Джейкоб Девлин, Минг-Вей Чанг, Кентон Ли, Кристина Тутанова (Jacob Devlin, Ming-Wei Chang, Kenton Lee, Kristina Toutanova)Abstract
We introduce a new language representation model called BERT, which stands for Bidirectional Encoder Representations from Transformers. Unlike recent language representation models (Peters et al., 2018a; Radford et al., 2018), BERT is designed to pretrain deep bidirectional representations from unlabeled text by jointly conditioning on both left and right context in all layers. As a result, the pre-trained BERT model can be finetuned with just one additional output layer to create state-of-the-art models for a wide range of tasks, such as question answering and language inference, without substantial taskspecific architecture modifications.

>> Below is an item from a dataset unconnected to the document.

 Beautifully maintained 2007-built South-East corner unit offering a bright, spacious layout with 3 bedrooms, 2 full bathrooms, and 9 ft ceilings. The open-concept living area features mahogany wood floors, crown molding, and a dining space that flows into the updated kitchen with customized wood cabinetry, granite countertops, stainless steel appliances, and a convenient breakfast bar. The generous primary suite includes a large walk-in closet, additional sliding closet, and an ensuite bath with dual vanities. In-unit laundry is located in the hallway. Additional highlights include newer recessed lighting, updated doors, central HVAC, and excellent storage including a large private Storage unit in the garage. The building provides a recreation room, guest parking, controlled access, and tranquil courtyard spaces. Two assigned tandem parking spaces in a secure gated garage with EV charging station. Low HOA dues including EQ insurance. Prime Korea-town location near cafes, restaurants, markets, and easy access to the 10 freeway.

BERT is conceptually simple and empirically powerful. It obtains new state-of-the-art results on eleven natural language processing tasks, including pushing the GLUE score to 80.5% (7.7% point absolute improvement), MultiNLI accuracy to 86.7% (4.6% absolute improvement), SQuAD v1.1 question answering Test F1 to 93.2 (1.5 point absolute improvement) and SQuAD v2.0 Test F1 to 83.1 (5.1 point absolute improvement).
1 Introduction
Language model pre-training has been shown to be effective for improving many natural language processing tasks (Dai and Le, 2015; Peters et al., 2018a; Radford et al., 2018; Howard and Ruder, 2018). These include sentence-level tasks such as natural language inference (Bowman et al., 2015; Williams et al., 2018) and paraphrasing (Dolan and Brockett, 2005), which aim to predict the relationships between sentences by analyzing them holistically, as well as token-level tasks such as named entity recognition and question answering, where models are required to produce fine-grained output at the token level (Tjong Kim Sang and De Meulder, 2003; Rajpurkar et al., 2016).

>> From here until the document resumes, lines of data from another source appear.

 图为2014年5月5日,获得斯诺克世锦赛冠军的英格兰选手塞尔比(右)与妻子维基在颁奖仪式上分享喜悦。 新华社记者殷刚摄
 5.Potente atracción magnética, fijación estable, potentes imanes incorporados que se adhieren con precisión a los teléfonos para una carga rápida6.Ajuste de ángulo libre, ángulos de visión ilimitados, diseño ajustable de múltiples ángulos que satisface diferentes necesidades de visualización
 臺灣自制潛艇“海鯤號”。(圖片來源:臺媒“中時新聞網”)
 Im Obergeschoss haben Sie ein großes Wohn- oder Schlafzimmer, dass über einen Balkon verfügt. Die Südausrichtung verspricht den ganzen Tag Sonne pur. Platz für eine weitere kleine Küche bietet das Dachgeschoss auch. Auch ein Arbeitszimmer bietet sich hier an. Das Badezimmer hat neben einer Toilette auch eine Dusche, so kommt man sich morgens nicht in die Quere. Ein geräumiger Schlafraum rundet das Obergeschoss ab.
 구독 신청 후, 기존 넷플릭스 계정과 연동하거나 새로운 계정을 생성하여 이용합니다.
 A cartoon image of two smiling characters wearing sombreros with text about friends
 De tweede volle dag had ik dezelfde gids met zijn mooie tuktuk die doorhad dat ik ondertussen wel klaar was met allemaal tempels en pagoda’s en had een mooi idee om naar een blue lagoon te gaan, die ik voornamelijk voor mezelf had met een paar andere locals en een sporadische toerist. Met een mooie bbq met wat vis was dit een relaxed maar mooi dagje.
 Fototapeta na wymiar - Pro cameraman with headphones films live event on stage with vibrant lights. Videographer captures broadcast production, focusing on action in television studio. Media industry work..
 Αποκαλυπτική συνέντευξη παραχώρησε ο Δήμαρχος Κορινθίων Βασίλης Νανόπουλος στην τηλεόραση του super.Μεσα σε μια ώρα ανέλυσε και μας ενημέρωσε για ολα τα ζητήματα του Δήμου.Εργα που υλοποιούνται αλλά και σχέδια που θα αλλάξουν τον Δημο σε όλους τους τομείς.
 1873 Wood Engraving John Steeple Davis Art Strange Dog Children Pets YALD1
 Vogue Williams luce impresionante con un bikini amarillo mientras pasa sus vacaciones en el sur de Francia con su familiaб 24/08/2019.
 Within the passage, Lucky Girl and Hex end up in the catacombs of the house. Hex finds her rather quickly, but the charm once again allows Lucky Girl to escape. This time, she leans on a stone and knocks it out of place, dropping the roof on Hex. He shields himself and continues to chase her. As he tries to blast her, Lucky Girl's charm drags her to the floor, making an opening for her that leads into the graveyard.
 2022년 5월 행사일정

There are two existing strategies for applying pre-trained language representations to downstream tasks: feature-based and fine-tuning. The feature-based approach, such as ELMo (Peters et al., 2018a), uses task-specific architectures that include the pre-trained representations as additional features. The fine-tuning approach, such as the Generative Pre-trained Transformer (OpenAI GPT) (Radford et al., 2018), introduces minimal task-specific parameters, and is trained on the downstream tasks by simply fine-tuning all pretrained parameters. The two approaches share the same objective function during pre-training, where they use unidirectional language models to learn general language representations.